-- Supplied data --

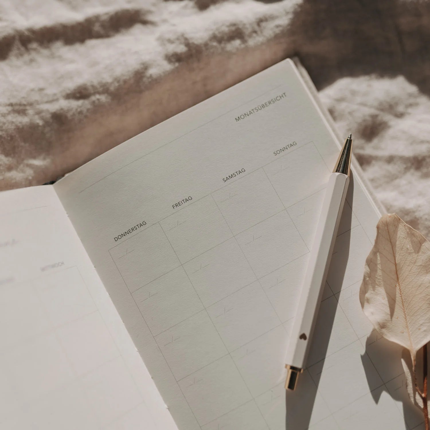 Mit seinem schlichten, hochwertigen Design wird „Neues Glück“ schnell zu einem täglichen Lieblingsstück. Die klaren, durchdachten Layouts helfen dir, deinen Alltag zu strukturieren und gleichzeitig Achtsamkeit und Kreativität einzuladen.
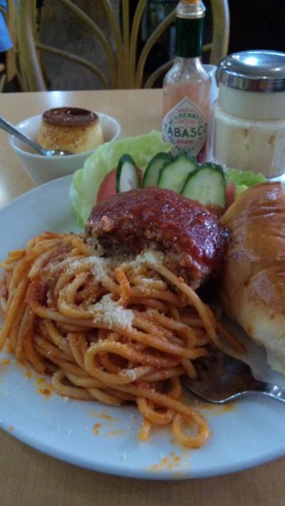 私の定番は、ハンバーグにサラダとナポリタンのポンヌフバーグ。
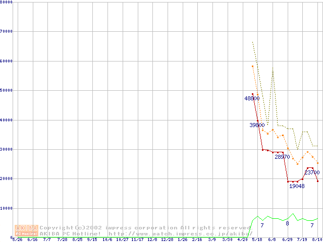 PC3200(DDR400) DDR SDRAM DIMMの最安値推移
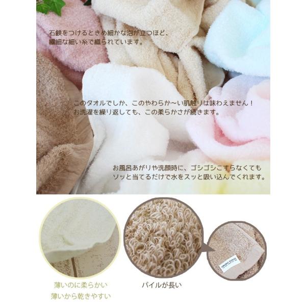 また吸水性にも優れており肌を軽く抑えるだけで水滴をスッと吸い込むので肌への負担が少ないやさしいフェイスタオル。

-- Task requirements --
Pictures are to be left out. Otherwise, copy the material above exactly.

-- Written reply --
 Mit seinem schlichten, hochwertigen Design wird „Neues Glück“ schnell zu einem täglichen Lieblingsstück. Die klaren, durchdachten Layouts helfen dir, deinen Alltag zu strukturieren und gleichzeitig Achtsamkeit und Kreativität einzuladen.
 私の定番は、ハンバーグにサラダとナポリタンのポンヌフバーグ。
 PC3200(DDR400) DDR SDRAM DIMMの最安値推移
 また吸水性にも優れており肌を軽く抑えるだけで水滴をスッと吸い込むので肌への負担が少ないやさしいフェイスタオル。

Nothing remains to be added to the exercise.